Ciudad Espiritual
Con la humildad que otorga la amistad sincera te digo que no me siento lo suficientemente preparado para escribir sobre lo que tú escribes y, ante todo, cómo lo escribes. Y hablo no sólo de tu prosa, sino también, y en especial, de tu poesía, que yo conozco muy bien y que siempre me ha sorprendido. Pero estos relatos, amigo mío, además de sorprenderme, me han deslumbrado, me han intrigado me han hecho temblar, y te digo que no es por mi Parkinson.

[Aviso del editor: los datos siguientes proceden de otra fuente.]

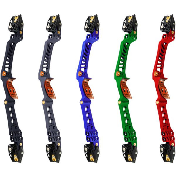 Long 27 inch model. Recurve aluminium milled riser with new Tunnels design for accepting round balancing plugs (included). Dual colour anodized finish. ILF - International Limb Fitting. Features Gillo floating limb pockets for more than 40% poundage adjustment range. Integrated vibration reduction system. Stainless steel limb bolts. Wood laminated advanced grip. Riser sleeve included. Compatible with G1 and G4 barebow weights. Mass weight 1540g.

Tienen eso que nadie sabe lo que es y es lo único que importa. Eso que algunos llaman el “elemento añadido”, otros, “el viento de la locura”, y que yo, influido por la Biblia, he llamado “el soplo de vida”. Eso que te hace levitar al leer un buen poema, que te hace llorar frente a una buena pintura, que te hace temblar frente a una escultura. Eso que te abre puertas interiores, puertas hacia lo oscuro, como me ocurrió con tus relatos.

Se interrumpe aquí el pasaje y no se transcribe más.